# Auto Correct

In this notebook I want to implement a fully working auto correct system which is simple yet functional. To elaborate, the system would correct words that are 1 and 2 edit distances away. 
An edit could consist of one of the following:
- Delete: "mangoz" -> "mango", "mngoz", ...

- Switch: "atm": "tam", "amt", ...

- Replace: "rat": "hat", "mat", "rap", ...

- Insert: "pla": "play", "pela", ...

# Data PreProcessing


In [6]:
import re
from collections import Counter
import numpy as np
import pandas as pd
import random

The first step is to define a __process_data__ function that would read the corpus --*shakespeare.txt*-- and build a vocabulary based on that.

In [40]:
def process_data(file_name):
    """
    Input: 
        A file_name which is found in your current directory.
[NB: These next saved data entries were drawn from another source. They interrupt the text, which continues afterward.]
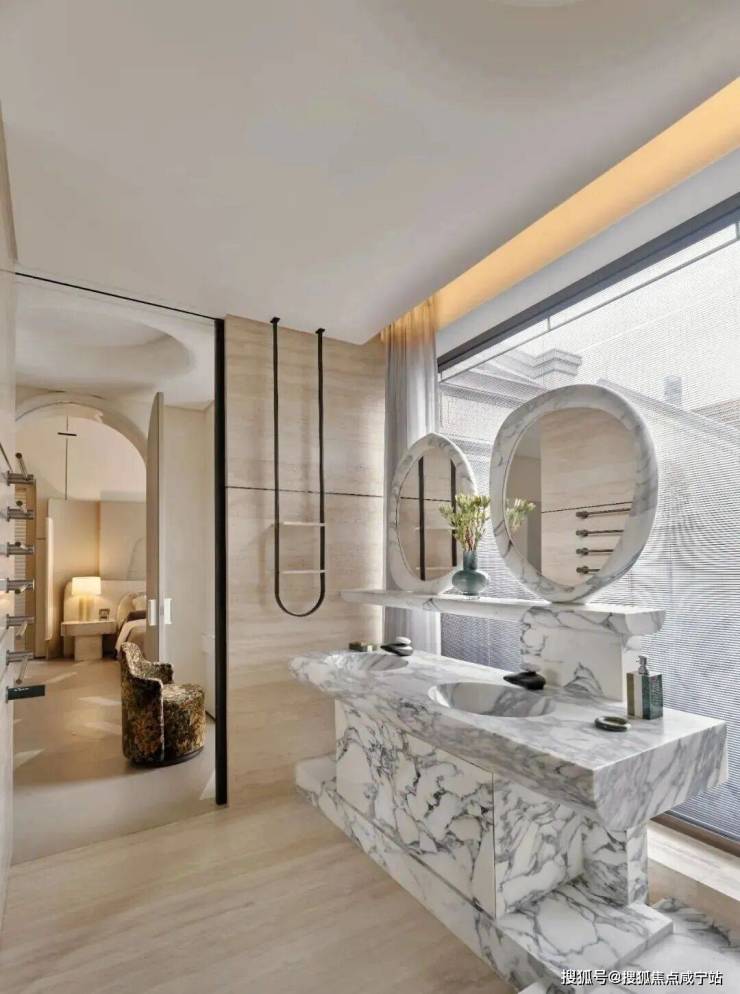 整体以米白色调为主,加入了少许鲜亮橘色,烘托休憩情绪。主卫浴采用双台盆设计,方便双人同时使用,由天然洞石打造的卫浴空间更具有一种低奢隐逸的度假气息。
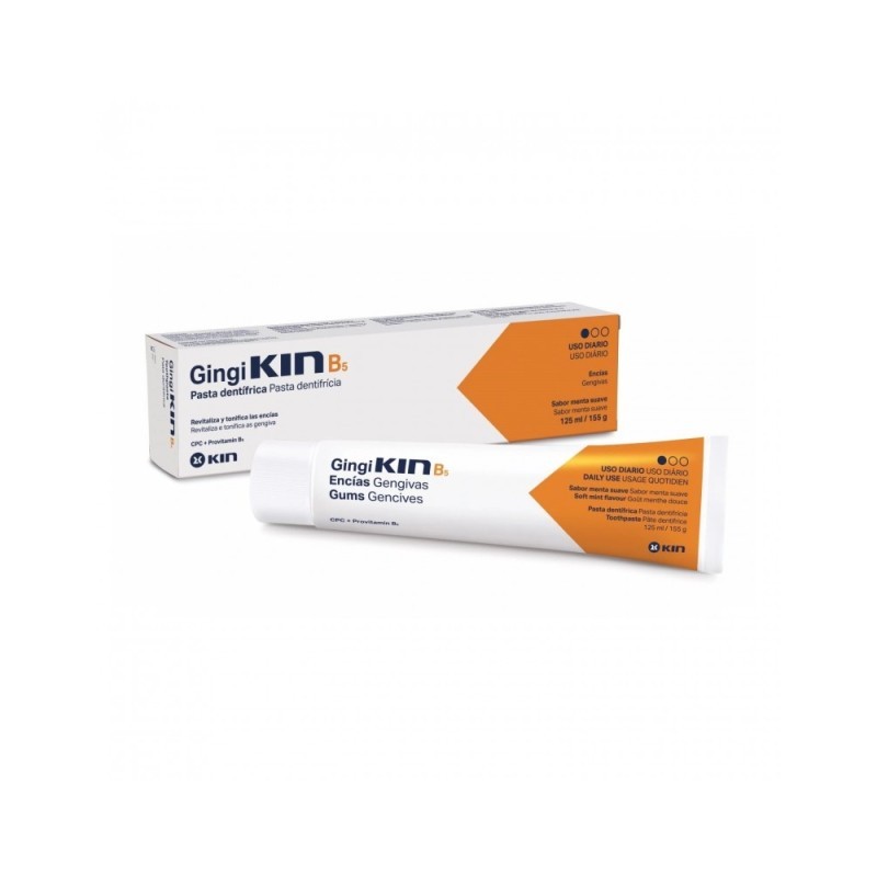 Pasta dentífrica GingiKIN B5 para el cuidado diario de encías y dientes. Controla el biofilm, fortalece encías, previene caries. Con CPC, zinc y provitamina B5. Sabor menta suave.
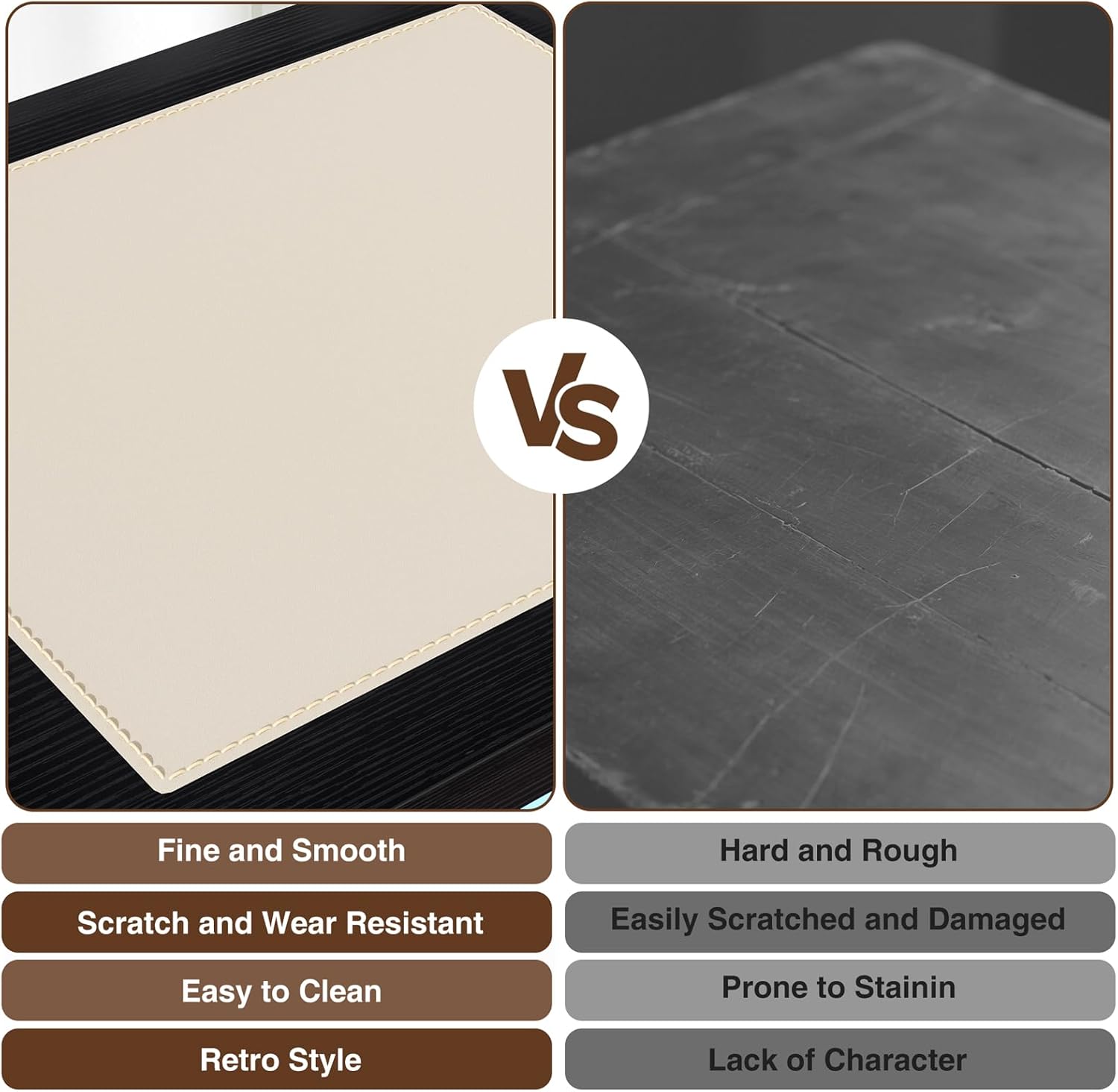 This bedroom nightstand features a saddle leather top, hidden drawer, sliding door cabinet, and curvy edge design for style and function.
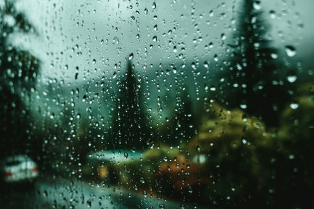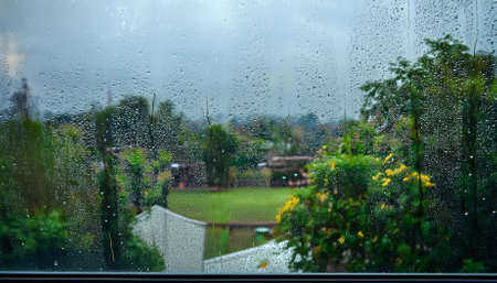 Raindrops Glisten on Window Panes, Framing a Serene View of Lush Green Trees and Cozy Homes Beyond
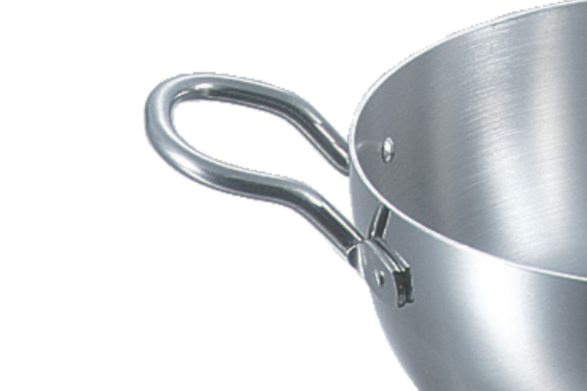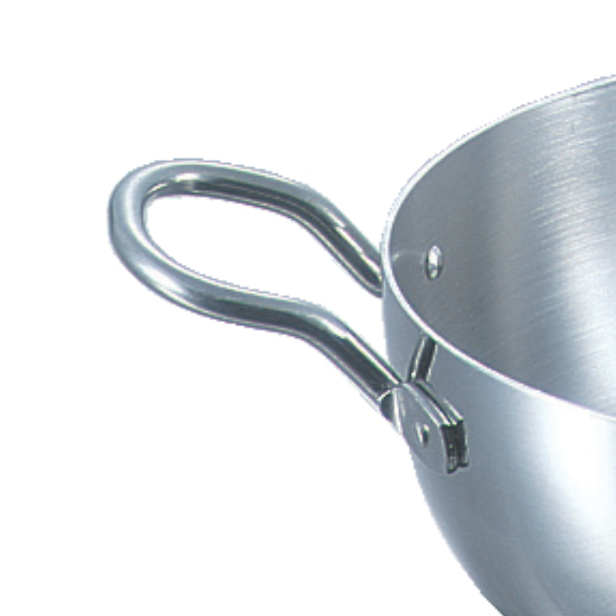 | 材質 | 【本体】アルミクラッド三層鋼 外側:ステンレス(SUS430=クローム18%、ニッケル0%) 内部:アルミニウム 内側面:ステンレス(SUS304=クローム18%、ニッケル8%) 【持ち手】18-8ステンレス |

You            just have to read it in. 
    Output: 
        words: a list containing all the  words in the corpus (text           file you read) in lower case. 
    """
    with open(file_name) as f:
        raw = f.read()
    low_data = raw.lower()
    words = re.findall(r"\w+", low_data)
    
    return words

In [41]:
words = process_data("shakespeare.txt")
vocab = set(words)
print(f"There are {len(vocab)} unique words. \nHere's 10 random samples from the vocabulary:")
random.sample(vocab, 10)

There are 6116 unique words. 
Here's 10 random samples from the vocabulary:


['know',
 'parcels',
 'pain',
 'o',
 'despair',
 'define',
 'submit',
 'grounded',
 'tyrants',
 'hercules']

Now, we need a dictionary with words as its keys and the value of each is the number of times that word appear in our corpus. A word_frequency dictionary in essence. 

In [42]:
def get_count(word_l):
    '''
    Input:
        word_l: a set of words representing the corpus. 
    Output:
        word_count_dict: The wordcount dictionary where key is the           word and value is its frequency.
    '''
    
    word_count_dict = {} 
    for word in word_l:
        
        if word_count_dict.get(word, False):
            word_count_dict[word] += 1
        else:
            word_count_dict[word] = 1

    return word_count_dict

In [44]:
word_frequency = get_count(words)
sample_words = random.sample(list(word_frequency),10)
{k: word_frequency[k] for k in sample_words} ## 10 random sample from word_frequency dictionary

{'kindness': 2,
 'vanquish': 1,
 'underneath': 1,
 'ruinate': 1,
 'serpent': 3,
 'prescriptions': 2,
 'expressing': 1,
 'chiding': 1,
 'wife': 41,
 'open': 5}

In [48]:
def get_probs(word_count_dict):
    '''
    Input:
        word_count_dict: The wordcount dictionary where key is the           word and value is its frequency.
    Output:
        probs: A dictionary where keys are the words and the values          are the probability that a word will occur. 
    '''
    
    total_words = sum(word_count_dict.values())
    probs = {word: word_count_dict[word]/total_words for word in word_count_dict.keys()}
    
    return probs

In [49]:
probs = get_probs(word_frequency)

# String Edits

* `delete_letter`: given a word, it returns all the possible strings that have **one character removed**. 
* `switch_letter`: given a word, it returns all the possible strings that have **two adjacent letters switched**.
* `replace_letter`: given a word, it returns all the possible strings that have **one character replaced by another different letter**.
* `insert_letter`: given a word, it returns all the possible strings that have an **additional character inserted**. 

In [50]:
def delete_letter(word, verbose=False):
    '''
    Input:
        word: the string/word for which you will generate all                possible words in the vocabulary which have 1 missing                character
    Output:
        delete_l: a list of all possible strings obtained by                 deleting 1 character from word
    '''
     
    split_l = [(word[:i], word[i:]) for i in range(len(word))]
    delete_l = [L+R[1:] for L,R in split_l if R]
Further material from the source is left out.